Fox J E
Joseph J. Jacobs Center for Thrombosis and Vascular Biology, Department of Molecular Cardiology, Lerner Research Institute, Cleveland Clinic Foundation, OH 44195, USA.
Thromb Haemost. 1999 Aug;82(2):385-91.
Integrin-induced adhesion of cells activates intracellular signaling pathways that lead to cytoskeletal reorganizations and altered cell behavior. One of the signaling molecules that is activated as a consequence of integrin-induced signaling is calpain. Much of the understanding of calpain's importance in signaling has come from the study of platelets. Studies on platelets have demonstrated that the major substrates for calpain are proteins present in the complexes of integrin, cytoskeletal proteins, and signaling molecules that form as a consequence of integrin engagement. We have now shown that calpain is also active in cultured adherent cells and that the calpain-induced cleavage of proteins in these cells is required for integrin-induced changes in cell morphology and spreading. Investigation of the mechanisms involved has revealed that calpain induces integrin-induced formation of focal adhesions and actin filament reorganizations and that it does so by inducing the activation of both Rac1 and RhoA.
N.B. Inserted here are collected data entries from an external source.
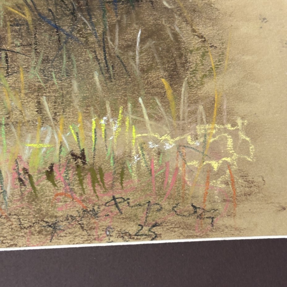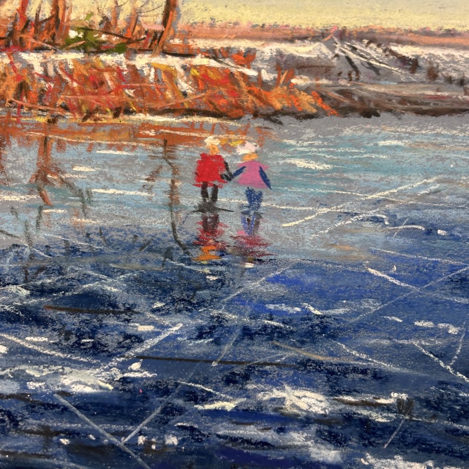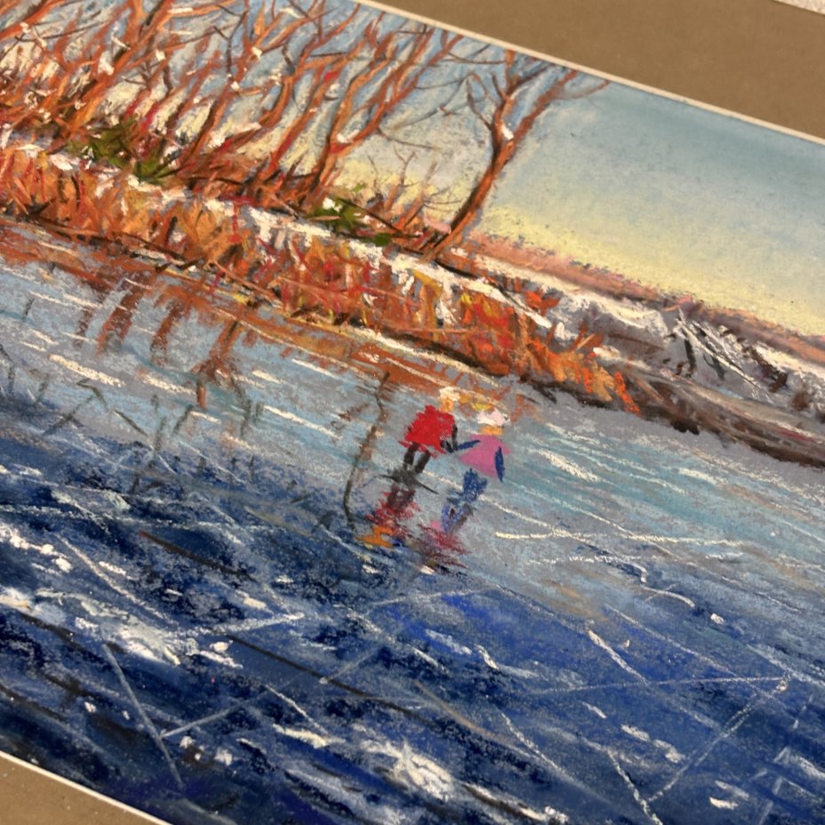 Графическая работа в паспарту "Прогулка по замерзшему озеру" ("Зима"), художник Жорж Фирсов, бумага, пастель, Российская Федерация, 2025 г.
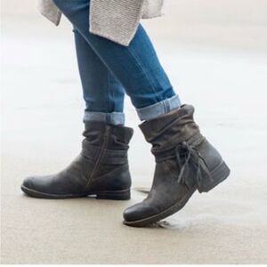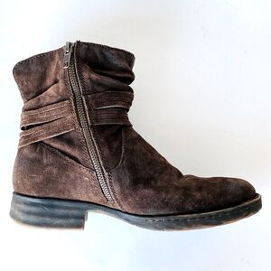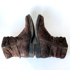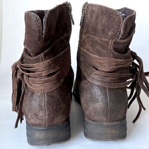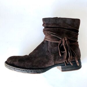 Born Chocolate Brown Suede Fringes Scrunched Ankle Boots Sz M Boho Festival
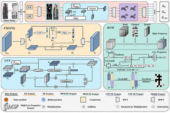Image-level VI-ReID methods reduce modality differences by converting images between VIS and IR. Some GAN-based approaches generate images that retain identity but vary in modal styles. However, the lack of paired VIS-IR images has made these generated images less reliable. Li et al. [1], Wei et al. [12], and Zhang et al. [13] proposed lightweight networks to generate middle modalities, which alleviated some modality gaps but still differed significantly from VIS/IR modalities. Feature-level methods aim to reduce modality gaps by mapping features into a common space. Some methods [14,15,16] have used CNN/VIT backbones for feature extraction. Zhang et al. [6] proposed a diversified embedding expansion network (DEEN) to learn feature information through diversified embeddings, while Qiu et al. [17] generated middle modalities by learning high-order structures. However, relying solely on spatial-domain information makes it challenging to properly distribute and map features in the common space. Unlike traditional feature-level methods, we introduce frequency-domain information in an innovative way and combine it with spatial-domain information to form a new feature representation. Traditional methods often struggle to generate sufficiently discriminative middle features from spatial-domain information alone. By incorporating frequency-domain data, and taking into account the beneficial information contained in both high- and low-frequency components, we apply distinct processing techniques to capture richer feature representations. When these features are fused with spatial information, the model becomes better at learning discriminative and robust features in the common space, overcoming the main limitations of existing approaches. Our method provides a novel and valuable contribution to the field of VI-ReID.
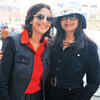Nishi Singh (L) and Kanchan Kapoor are all smiles during a car rally for women in the capital. (BCCL/M Gurunath Prabhu)
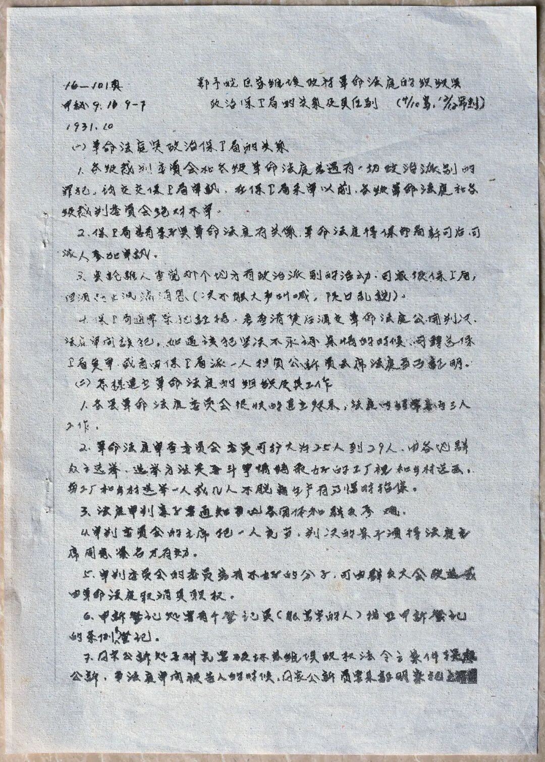 这是一份收藏于湖北省档案馆的史料——《鄂豫皖区苏维埃政府革命法庭的组织与政治保卫局的关系及其区别》。1930年6月,鄂豫皖革命根据地正式形成后,于1931年7月颁布了《鄂豫皖苏维埃政府临时组织大纲》,规定革命法庭配备委员若干人、主席一人。内设审判委员会(正审一人,副审若干人)、国家公诉员、辩护员等。
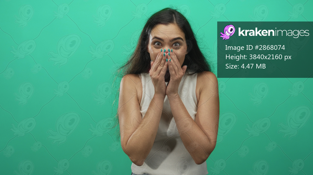 Woman in white shirt covers mouth with hands in studio setting while gazing wide eyed in animated expression; surprise.
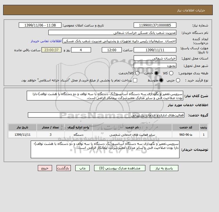 نام دستگاه خریدار:مدیریت شعب بانک مسکن خراسان شمالی
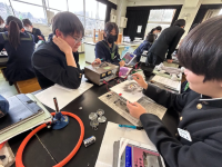 2年生、理科と保健体育の授業の様子です。理科では、「電流による磁界の観察」の実験を協力して行いました。
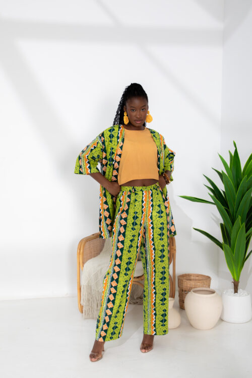 A vibrant three-piece cotton African print set designed for comfort and standout style.

整合素诱导的细胞黏附激活细胞内信号通路,导致细胞骨架重组和细胞行为改变。作为整合素诱导信号传导的结果而被激活的信号分子之一是钙蛋白酶。对钙蛋白酶在信号传导中重要性的许多理解来自于对血小板的研究。对血小板的研究表明,钙蛋白酶的主要底物是整合素复合物中存在的蛋白质、细胞骨架蛋白以及由于整合素结合而形成的信号分子。我们现在已经表明,钙蛋白酶在培养的贴壁细胞中也具有活性,并且这些细胞中钙蛋白酶诱导的蛋白质切割对于整合素诱导的细胞形态变化和铺展是必需的。对所涉及机制的研究表明,钙蛋白酶诱导整合素诱导的粘着斑形成和肌动蛋白丝重组,并且它通过诱导Rac1和RhoA的激活来实现这一点。